L.R. : Tu as non seulement dansé à plusieurs reprises avec des cygnes mais tu en as aussi élevés en partie, ce qui t’a amené à consigner : « Je veux être un cygne […] C’est l’une des danses les plus intimes et profondes qu’il m’a été possible de partager ». Pourrais-tu nous raconter cette belle histoire, qui plus est, étonnante, laquelle a abouti à L’âme hors du cygne, avec tes partenaires Castor et Pollux, projeté sur la scène de Chaillot ? Comment parvenais-tu à faire danse avec ces animaux ? Quelle était la fonction de cet animal dans ton imaginaire et dans ton processus de création ? Quel état de corps nouveau, quelle motricité inédite avais-tu trouvés ? Comment nous rapporterais-tu cette expérience d’une altérité reliée à des expérimentations antérieures, à des remémorations des plus intimes ?
M-A.G. : C’est un animal qui n’a pas de prédateur, qui est assez agressif. Je suis fan du film L’Envolée sauvage. Si le cygneau naît en contact avec l’Homme, il y a une imprégnation immédiate, il prend l’Homme pour mère. C’était une proposition du chorégraphe Luc Petton, mondialement connu grâce à son travail avec les oiseaux. Tous les jours pendant un mois, je me suis tenue au maximum au Jardin des plantes pour voir douze œufs installer dans une couveuse. Je n’assisterai pas à leur naissance pour une raison de timing. Pour danser avec les cygnes (les survivants de la couvée), j’ai été aidée par plusieurs scientifiques. Pour comprendre l’oiseau, suivre son rythme, se mettre à son service. Quand j’étais dans l’eau, j’avais des granulés que je gardais sur moi pour que les cygnes ne partent pas. De toute manière, c’étaient les cygnes qui menaient la danse, moi, je m’acclimatais à ce qu’ils me donnaient. J’ai vraiment adoré. Toutes ces semaines passées à la ferme, j’ai adoré. Ils étaient huit ou neuf. Bien sûr, je savais comment devenir cygne sur scène. Mais, là, je travaillais dans l’eau et la ferme ! Au début, j’avais les huit cygneaux sur le dos. Ils pesaient beaucoup. Il y avait tout un cérémonial. Ils me reconnaissent ou pas. Cela dépendait des jours. Tu n’es vraiment rien pour les approcher.

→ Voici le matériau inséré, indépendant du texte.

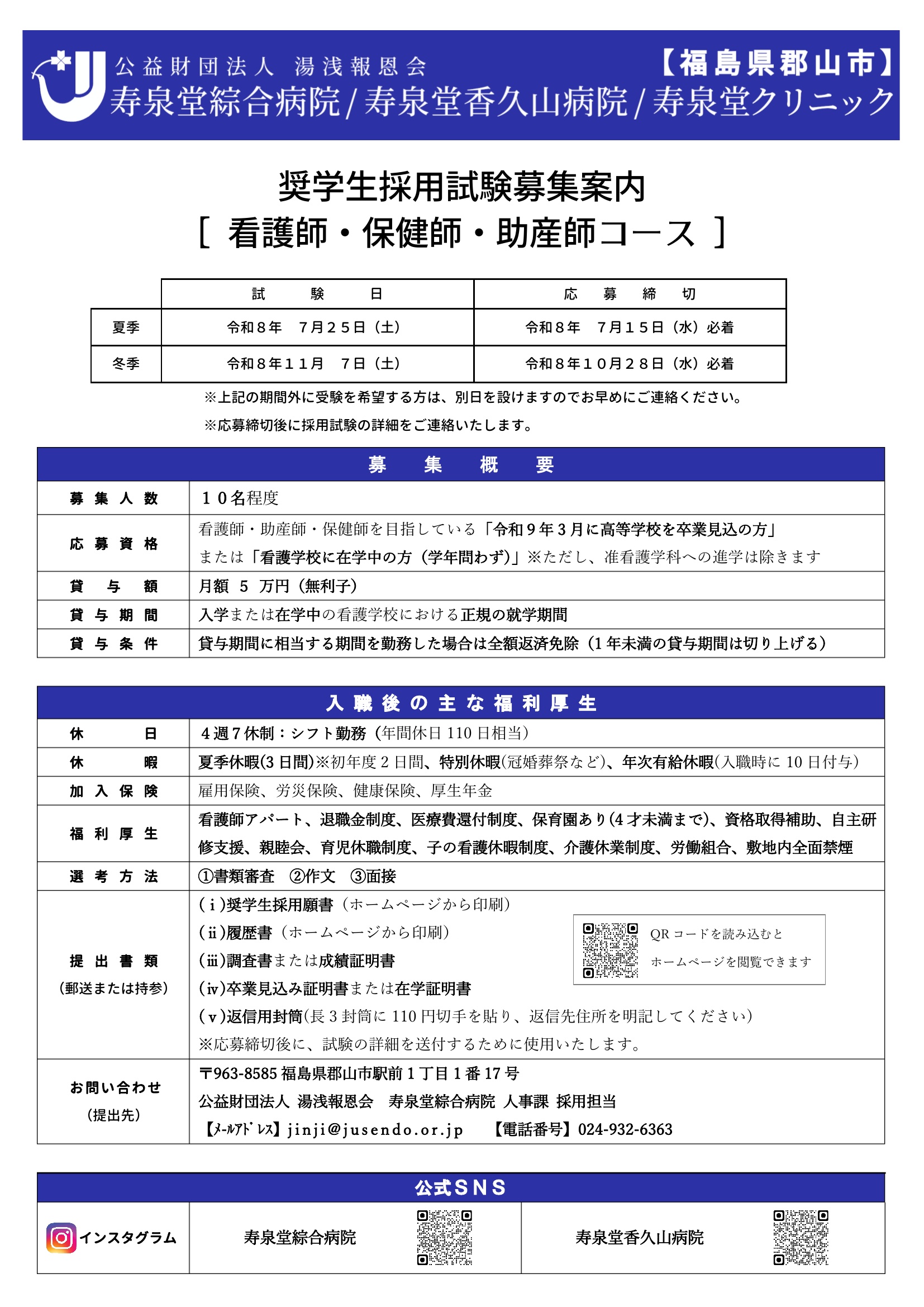 令和9年3月に高等学校卒業見込みの方 ※看護学校在学中の方はお問い合わせください |
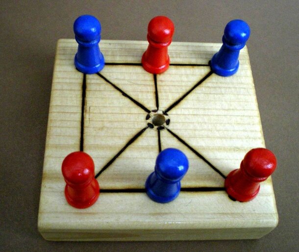 Madelinette is a small, simple game of blockade, probably invented by J & J Loader for their book, Making Board, Peg and Dice Games. There seems to be no reference to this game before the publishing of this book. Two players strive on a board of seven points, each with three pieces, to block in their opponent's pieces so that the opponent cannot move....
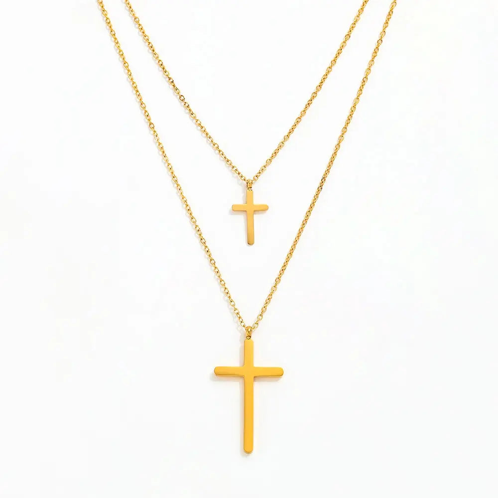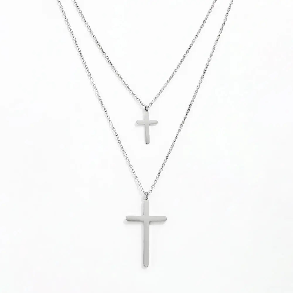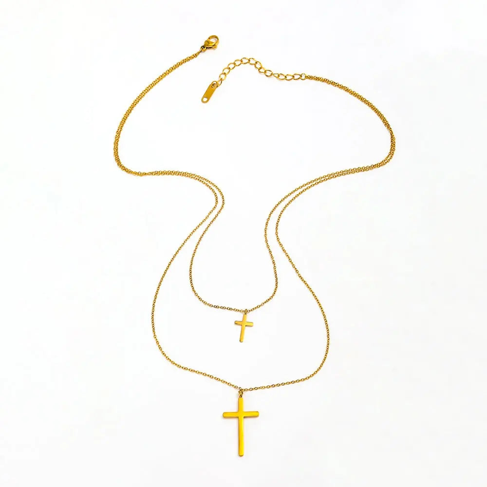 Spice up your style with our Double Layer Cross Necklace! This stainless steel piece adds a unique edge to any outfit, and it's waterproof (perfect for the pool or beach!). Make a statement with our trendy jewelry!

L.R. : Depuis ton enfance, tu as un rapport extraordinaire avec la voix. Comment s’est-il déployé à travers les décennies ? Plus particulièrement, pourrais-tu nous parler de ton expérience scénique avec la cantatrice Nathalie Dessay sur la scène de Garnier ? Quelles énergies, quels rythmes vitaux avez-vous partagés ?

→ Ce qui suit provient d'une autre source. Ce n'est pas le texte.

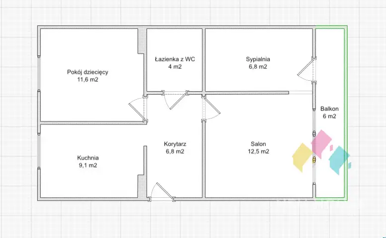 - sypialnia - 6,8 m² (z wyjściem na balkon - 6 m²)
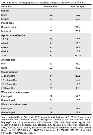 Thirty-two respondents completed both the original English version of the SSQOL and the PFSV of SSQOL questionnaires whereby 15 of the participants completed the English version and 17 the PFSV as shown in Table 5. This sample size was in line with Beaton et al.'s (2002) recommendations to include between 30 and 40 participants in studies of this nature in order to enable correlation of the responses of the two versions. The stroke onset mean age was found to be 53.69 years, s.d. = 14.05, with a median time of 4 months of stroke duration and an interquartile range of 1. These findings are similar to those of other studies that revealed people between the ages of 40 and 60 years are more affected by stroke (Ganvir et al. 2018; Pedersen et al. 2018; Odetunde et al. 2018, 2020). The majority (84%) of the respondents ranged between 40 and 69 years further confirming the aforesaid reports. Though the rate of stroke in young adults is increasing drastically, it is still recognised that the risk of stroke increases with age (Donkor 2018; Yangatimbi et al. 2020).
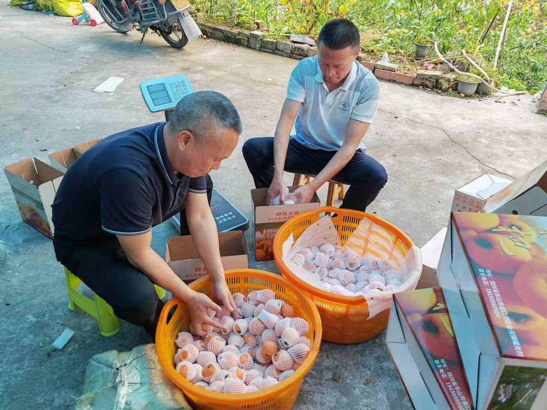 陈联兵(右)、赵维强为果农分拣枇杷。
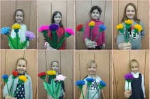 Обучающиеся творческого объединения "Чудо - лоскуток", руководитель Вафина В. А., поздравляют своих мам с праздником! Они с любовью и старанием сделали яркие цветы из шерстяных ниток: васильки, гвоздики, одуванчики, клеверы.
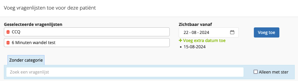 Bij het klaarzetten van vragenlijsten voor een patiënt kun je nu ook meer dan één datum opgeven. Dit is nu dus gemakkelijker voor vragenlijsten die vaker beantwoord moeten worden.

M-A.G. : J’ai souvent été avec une cantatrice sur scène. Ce que j’aime, ce sont les vibrations transmises par la voix, et que mon corps reçoit, embrasse. Sur scène, je suis toujours un vecteur. J’ai aimé créer sur cette œuvre Alcina de Georg-Friedrich Haendel, avec Nathalie Dessay. J’adore les voix mais je ne suis pas passionnée d’Opéra. À côté d’une diva ou d’un ténor, je reçois de telles ondes de choc. C’était le cas avec Nathalie Dessay. Cela me procurait de grandes sensations. La voix, c’est tellement puissant. C’est un truc de fou.

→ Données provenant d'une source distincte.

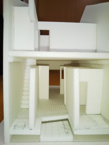 久々に簡易な建物模型をつくってみました。素材はスチレンボードです。

L.R. : Quels sont les signes du temps sur ta liberté actuelle ? Pourrais-tu nous présenter tes projets artistiques en cours ?
M-A.G. : Je danse toujours la pièce Samouraï d’Olivier Dubois. Je suis également en cours de création pour une pièce (Else) Where de Mathieu Guilhaumon, avec la pianiste Eloïse Bella Kohn. La première aura lieu le 23 janvier 2026 à l’Opéra Grand Avignon. Un autre projet de création s’annonce pour 2026, avec la chorégraphe Laura Arend, ayant pour sujet la vue de dos en peinture.